What you will do —
Below this line is a listing that includes pictures. Copy exactly, and only, the lines from the one containing "Installation with hand-tufted" through the one containing "17. 고추장 된장이 완전히 풀리게 섞어주세요."; the pictures do not go in the copy.

━━━━━ Records shown

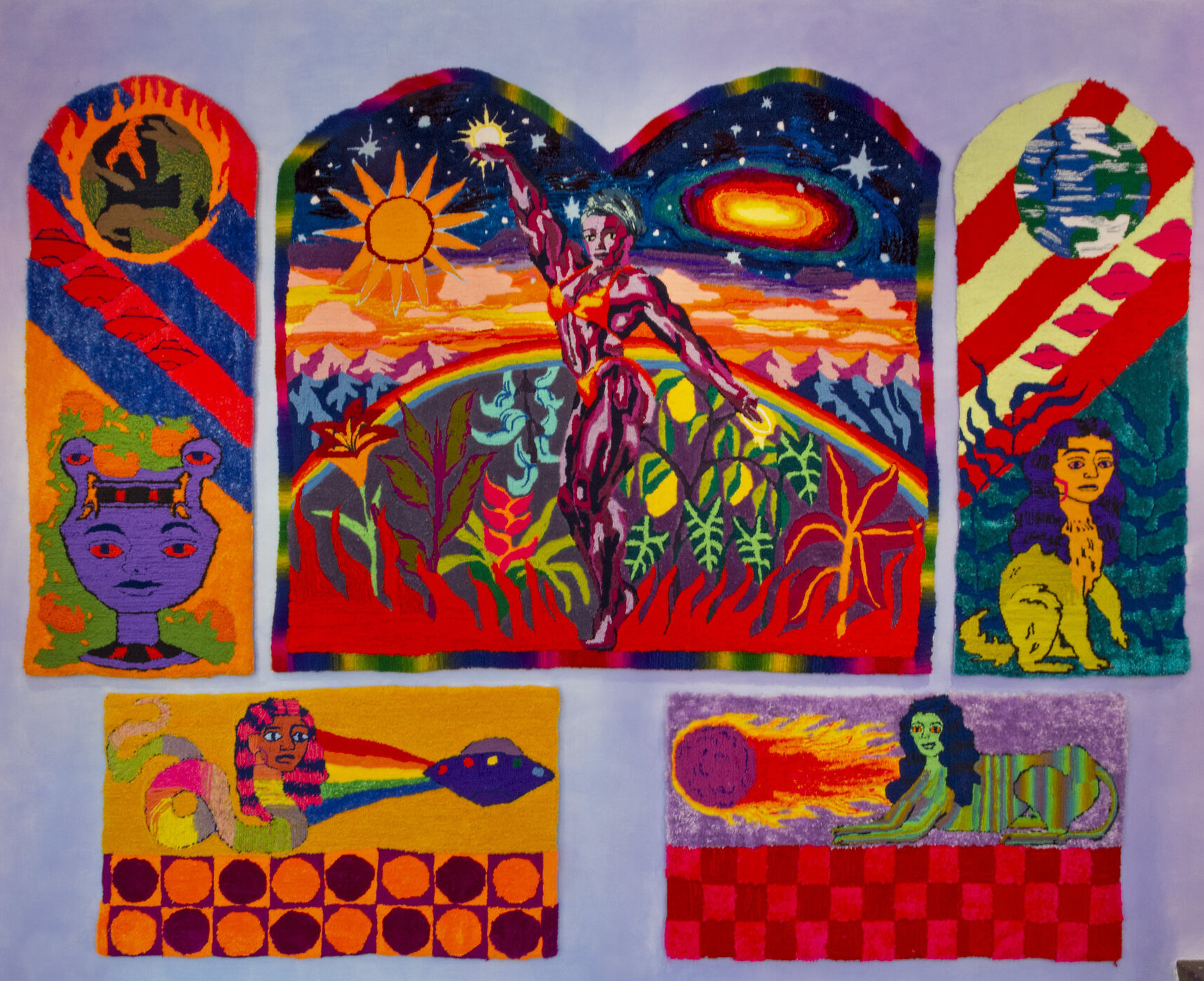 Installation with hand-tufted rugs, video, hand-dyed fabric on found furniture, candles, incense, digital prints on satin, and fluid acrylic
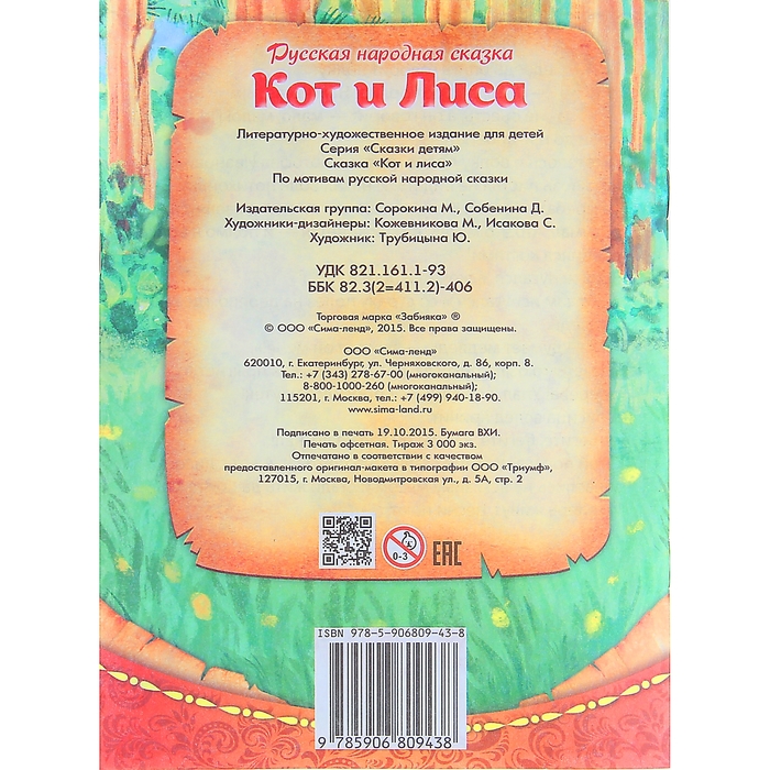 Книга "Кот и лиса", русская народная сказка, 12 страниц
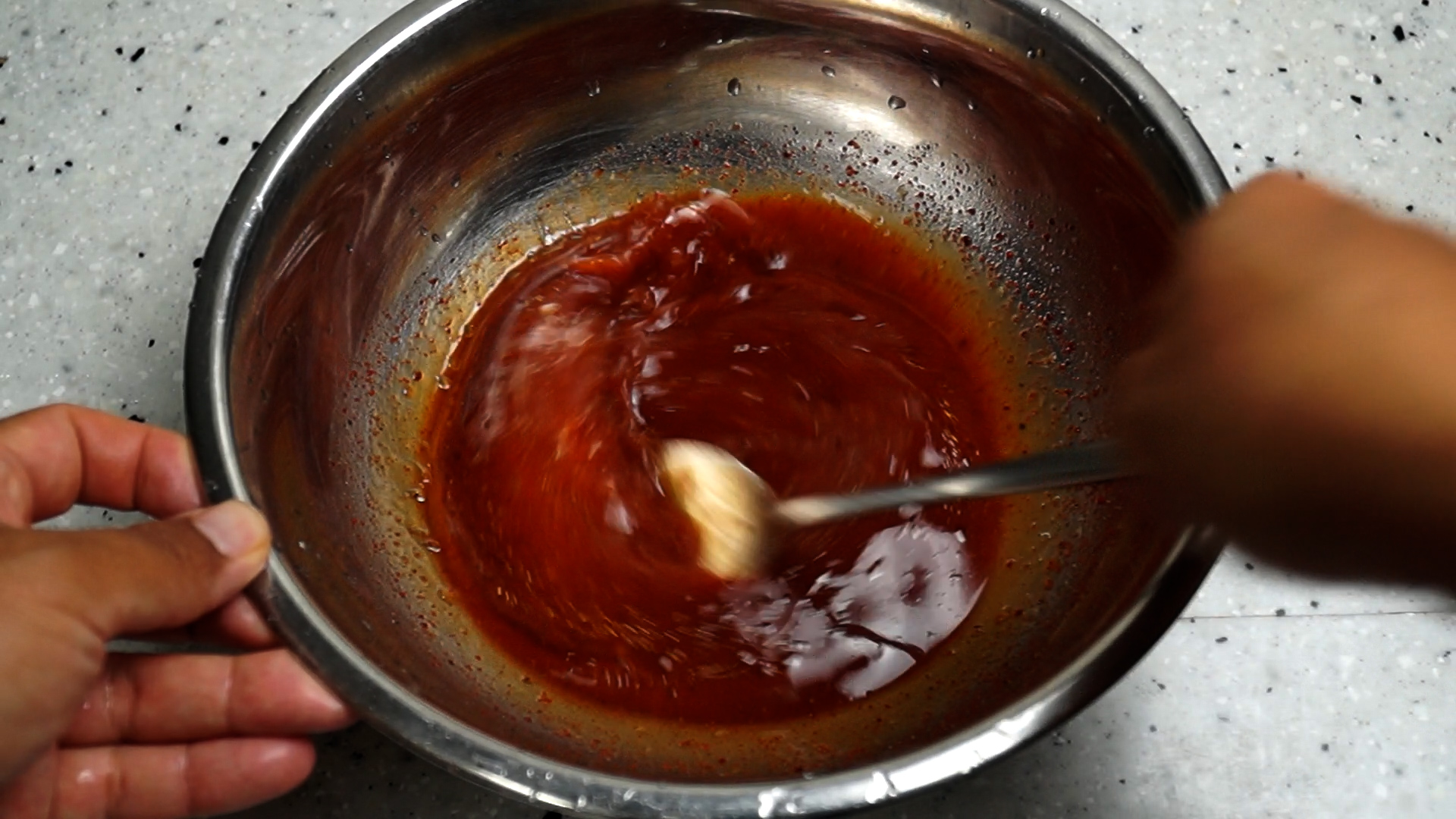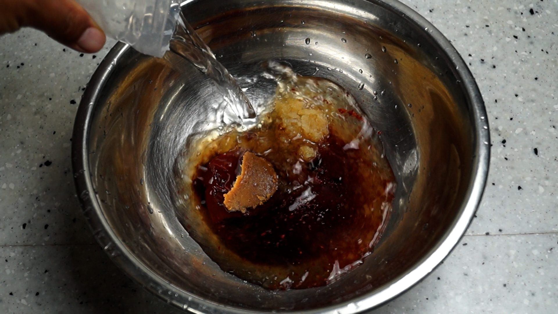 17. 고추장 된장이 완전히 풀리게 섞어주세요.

━━━━━━━━━━
━━━━━ Records shown

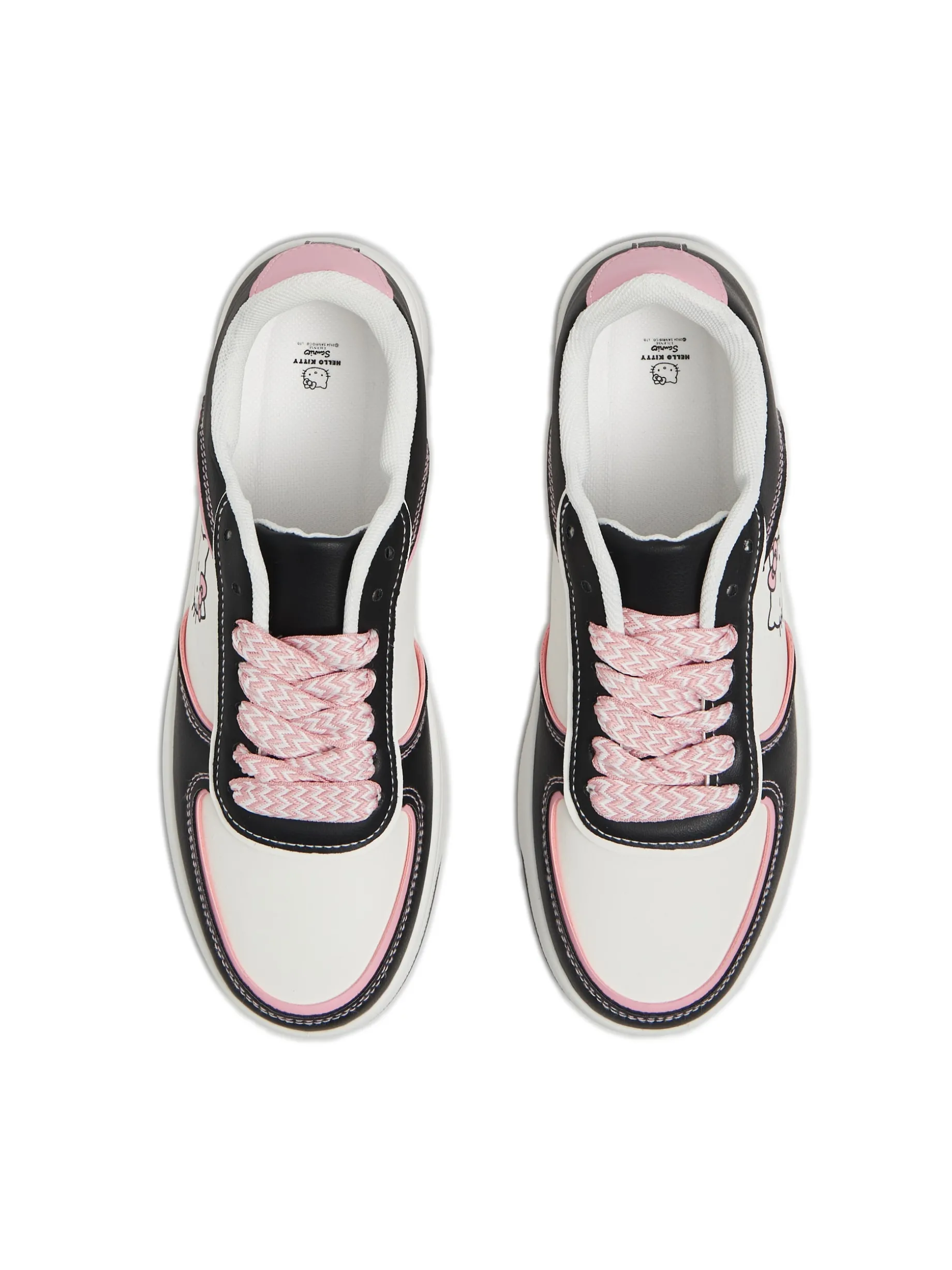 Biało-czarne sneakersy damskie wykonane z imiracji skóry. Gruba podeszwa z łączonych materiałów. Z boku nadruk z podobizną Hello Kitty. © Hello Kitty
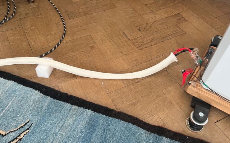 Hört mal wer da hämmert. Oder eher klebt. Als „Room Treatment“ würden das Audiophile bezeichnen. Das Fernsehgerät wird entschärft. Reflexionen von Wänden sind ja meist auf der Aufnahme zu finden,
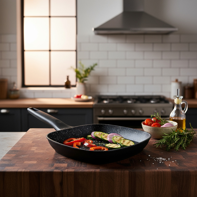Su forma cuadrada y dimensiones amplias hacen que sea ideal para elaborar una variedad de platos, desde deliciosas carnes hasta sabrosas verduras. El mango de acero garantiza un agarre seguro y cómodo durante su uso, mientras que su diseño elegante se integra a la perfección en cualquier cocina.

━━━━━━━━━━

Exercise answer —
 Installation with hand-tufted rugs, video, hand-dyed fabric on found furniture, candles, incense, digital prints on satin, and fluid acrylic
 Книга "Кот и лиса", русская народная сказка, 12 страниц
 17. 고추장 된장이 완전히 풀리게 섞어주세요.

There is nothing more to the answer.